Dr. Mehmet Oz was recently accused by his own Columbia University colleagues of promoting "quack treatments." Today, he's being hailed a hero for stopping to help injured motorists along a New Jersey highway.
In this June 17, 2014, file photo, Dr. Mehmet Oz, vice chairman and professor of surgery, Columbia University College of Physicians and Surgeons, testifies on Capitol Hill in Washington. (AP/Lauren Victoria Burke, File)
Oz was passing through Westhampton last weekend when he looked up and saw that the motorist behind him had crashed. He stopped and ran back to help those inside until emergency crews could get there.
"Dr. Oz was very professional and helpful," Westampton chief Jason Carty told NJ.com Tuesday. "He gave a very thorough report on both victim's conditions and injuries."
Carty pointed out that Oz could have easily kept going, but "being the guy he is," he stopped to help.
Westhampton Township Emergency Services posted a photo to its Facebook page showing Carty and Oz Tuesday.
"Over the weekend #WTES responded to a serious MVA on the NJTP. The crew on #Squad2723 arrived on location and found a Doctor triaging (assessing) the patients. Dr. Oz was not involved in the accident but stopped and gave care to the patients until emergency crews arrived to treat and transport the patients to the hospital. Pictured here is Firefighter/EMT Vincent Knott who was the driver/operator of 2723. Dr. Mehmet Oz we thank you!"
One car was involved in the crash and both victims inside the vehicle were taken to a nearby hospital with minor injuries, NJ.com reported.
It isn't the first time Oz has offered his expertise in an emergency situation. In 2013, he was among those who rushed to help a 23-year-old tourist in New York City whose foot was severed when a cab jumped the curb and plowed into her.
Oz made headlines last month after some of his Columbia University medical colleagues accused him of an "egregious lack of integrity" for promoting "quack treatments" on his daytime TV show, "Dr. Oz."

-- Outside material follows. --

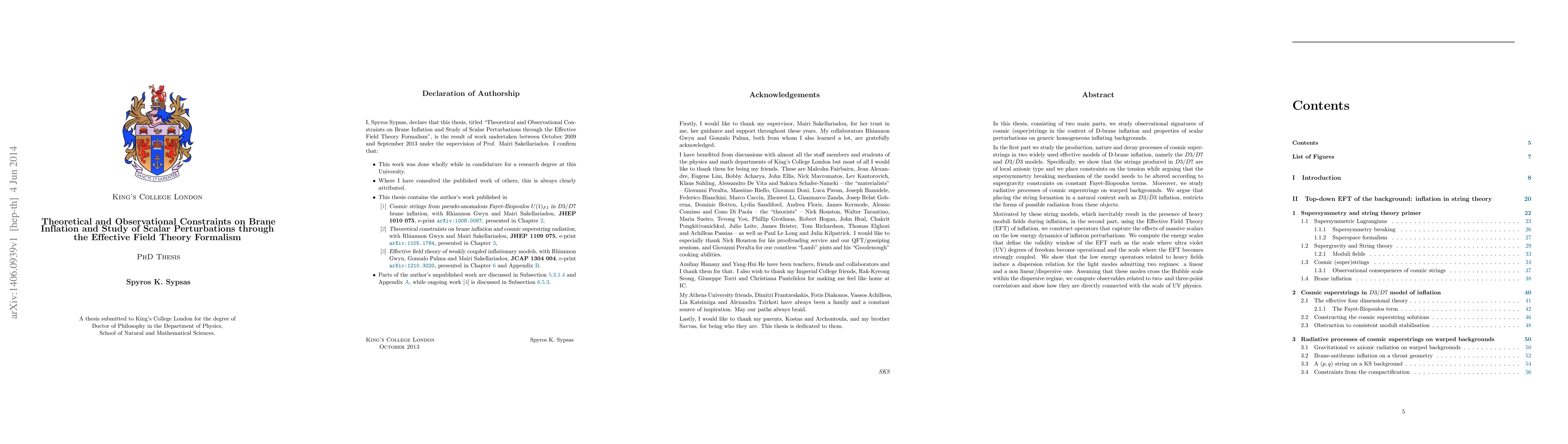 In this thesis, consisting of two main parts, we study observational signatures of cosmic (super)strings in the context of D-brane inflation and properties of scalar perturbations on generic homogeneous inflating backgrounds. In the first part we study the production, nature and decay processes of cosmic superstrings in two widely used effective models of D-brane inflation, namely the $D3/D7$ and $D3/\bar{D}3$ models. Specifically, we show that the strings produced in $D3/D7$ are of local axionic type and we place constraints on the tension while arguing that the supersymmetry breaking mechanism of the model needs to be altered according to supergravity constraints on constant Fayet-Iliopoulos terms. Moreover, we study radiative processes of cosmic superstrings on warped backgrounds. We argue that placing the string formation in a natural context such as $D3/\bar{D}3$ inflation, restricts the forms of possible radiation from these objects. Motivated by these string models, which inevitably result in the presence of heavy moduli fields during inflation, in the second part, using the Effective Field Theory (EFT) of inflation, we construct operators that capture the effects of massive scalars on the low energy dynamics of inflaton perturbations. We compute the energy scales that define the validity window of the EFT such as the scale where ultra violet (UV) degrees of freedom become operational and the scale where the EFT becomes strongly coupled. We show that the low energy operators related to heavy fields induce a dispersion relation for the light modes admitting two regimes: a linear and a non linear/dispersive one. Assuming that these modes cross the Hubble scale within the dispersive regime, we compute observables related to two- and three-point correlators and show how they are directly connected with the scale of UV physics.
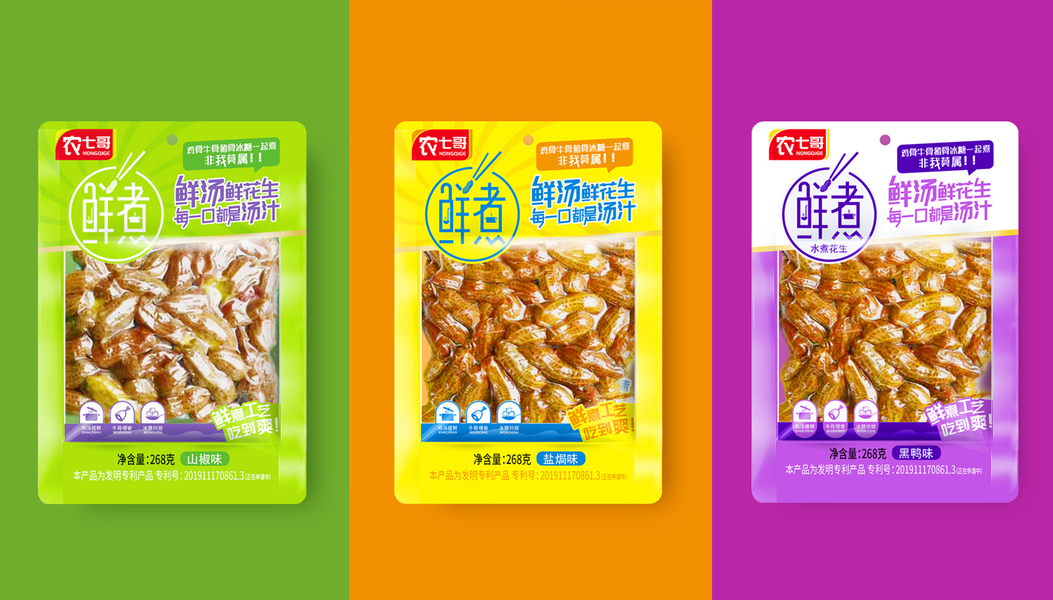 农七哥×水与木丨鲜煮水煮花生 包装设计

School officials have refused to remove Oz from the faculty, emphasizing their commitment to the "principle of academic freedom and to upholding faculty members’ freedom of expression for statements they make in public discussion.”
Oz later defended his actions and claimed his critics were merely attacking his freedom of speech. Oz told the New York Times that he "never" promotes treatments for his own personal or financial gain.
Oz appeared before a congressional committee last year in which he was blamed for contributing to weight loss scams, something he now says he regrets.